In the bars afterwards the young delegates mingled and tried to dissuade one another from their various positions. They floated through the night on a wave of free drinks, remembered undergraduate rhetoric—“Politics is organized corruption, live with it”—and free condoms. When the morning came, not much had shifted.
The speeches began, with each candidate retailing his or her vision for the New Liberalism. Had there been Surtitles, as at the opera, that showed the subtext of every speech, they might have shown that Martha Hall Findlay was positioning herself for a run at a federal seat and a possible cabinet post, that Volpe and Dryden had miscalculated, that Kennedy was positioning himself as the next leader, that Rae was offering cabinet positions to Brison and Dion if they came over.
Stéphane Dion began his speech by invoking Laurier and reciting his own commitment to public service, though he knew, as every circuit preacher knows, that God brings them into the tent but the devil is where the money is. Three minutes into his speech, he told the delegates, “Something is wrong . . . Canada has a prime minister who thinks that the United States is not only our ally, but also our model . . . . We have a prime minister who thinks that child care is delivered through the mailbox . . . a prime minister who tore up our climate-change plan.” Dion outlined Harper’s flaws to great applause but was careful not to linger. “To win,” he cautioned, “we must offer our own project to Canadians.”
He outlined his environmental plan and stressed national unity. His delivery was efficient but without drama, and he was cut off before the end of his speech, denied the rousing finish. In Academy Awards style, music swelled, giving him the signal, and he moved to bring it home, but his microphones cut out, and there was that earnest face, with a look of anger and betrayal blown up on the giant screens, his lips moving, the sound of an anonymous orchestra playing.
Seated in front of him was Jean Chrétien, the purest politician the country has produced in three decades, an instinctive fighter who had delivered three majorities and who looked, in the unflattering, changeable light of the convention room, darkly reptilian, his limbic self revealed as he watched his creation onstage.

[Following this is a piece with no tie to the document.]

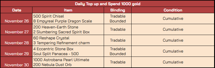 - Players must top up and spend the gold on the respective days to receive that day’s rewards. Rewards from one day cannot be obtained by topping up and spending gold on another day.
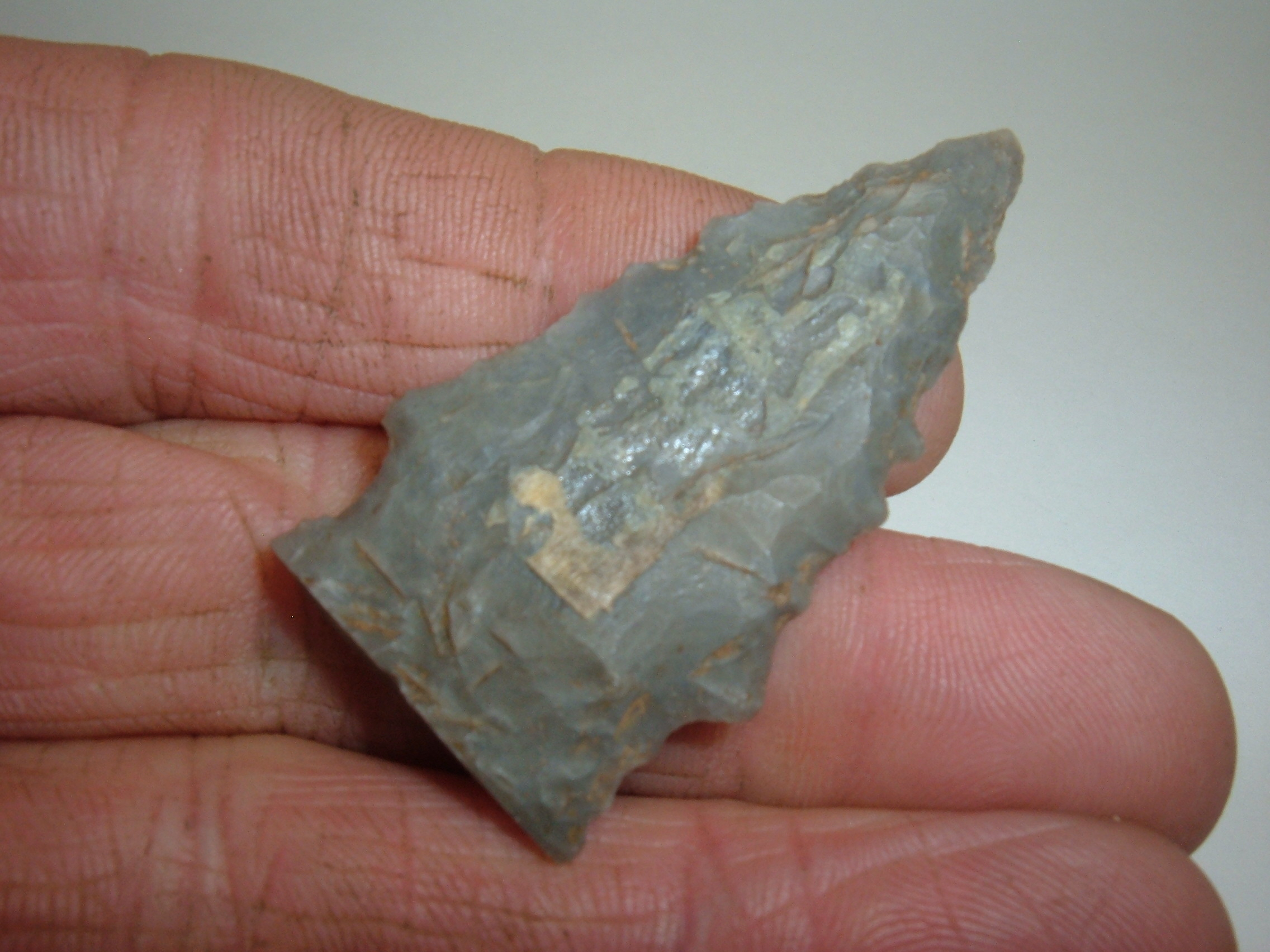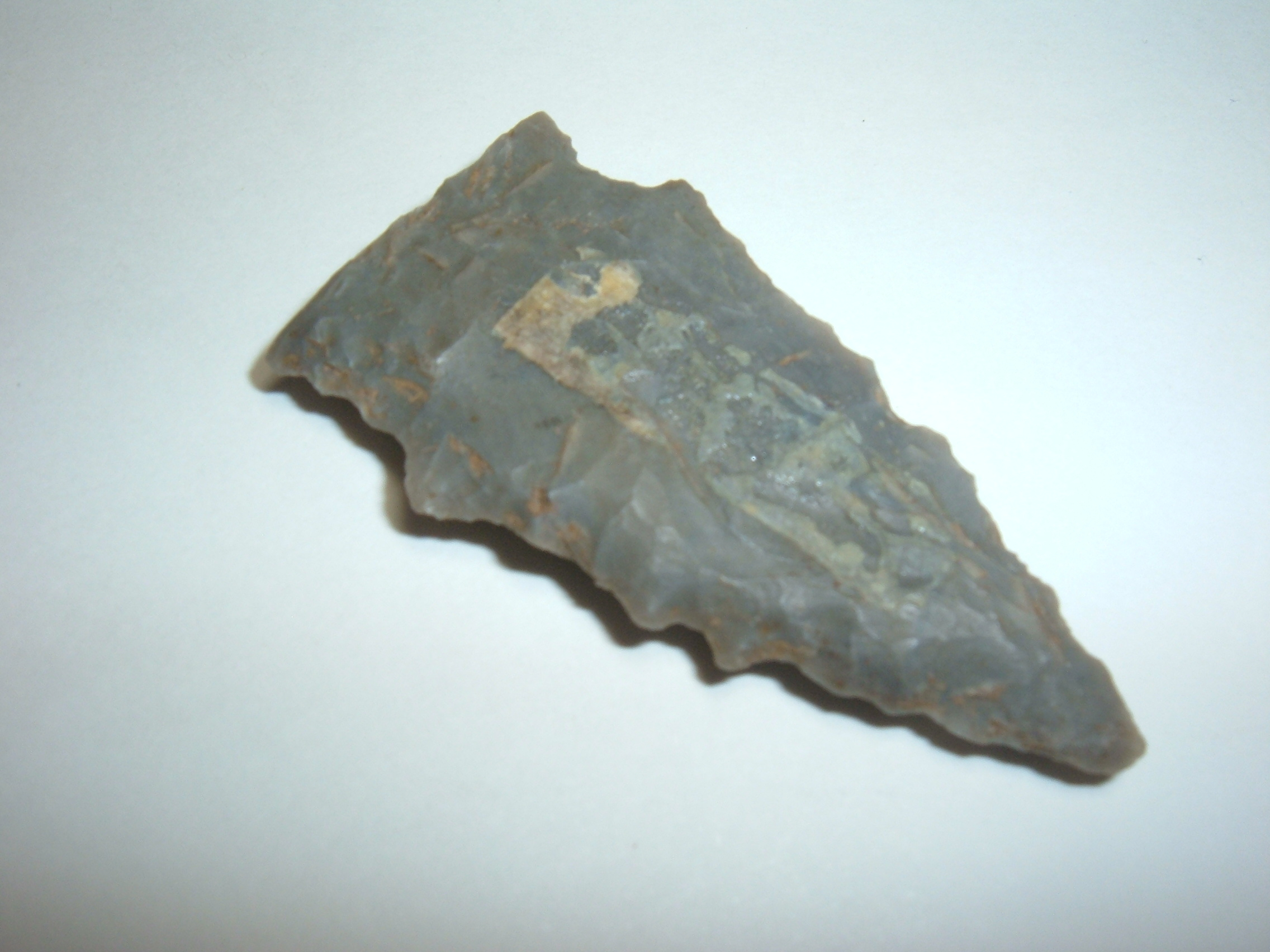 HERE WE HAVE A FINE THIN ARCHAIC SERRATED POINT 1 3/4" FOUND IN LICKING CO.OHIO AND MADE FROM INDIANA HORNSTONE! VERY NICE RELIC!!!

He had plucked Dion from academia to use him as an attack dog for unity. Dion was not a natural politician, and ten years later he still isn’t. He is the antithesis of Chrétien, a shy, rigorous thinker. A reporter asked Chrétien what a good leader was. “A good leader,” answered the pragmatist, “is one who wins elections.”
Bob Rae was the closest to Chrétien in terms of presenting a purely political campaign. His most thorough policy document had only arrived that day, the first concrete glimpse of what he would do after eight months of campaigning. He eschewed the lectern and wandered the stage with a handheld microphone, a life coach telling us of his troubles and how he overcame them. Liberal ideas were easy to find, he told us; his colleagues had good ideas, there were ideas on the Internet, the Google Liberalism approach. What was needed was a politician, an experienced leader who could implement them. He was politics.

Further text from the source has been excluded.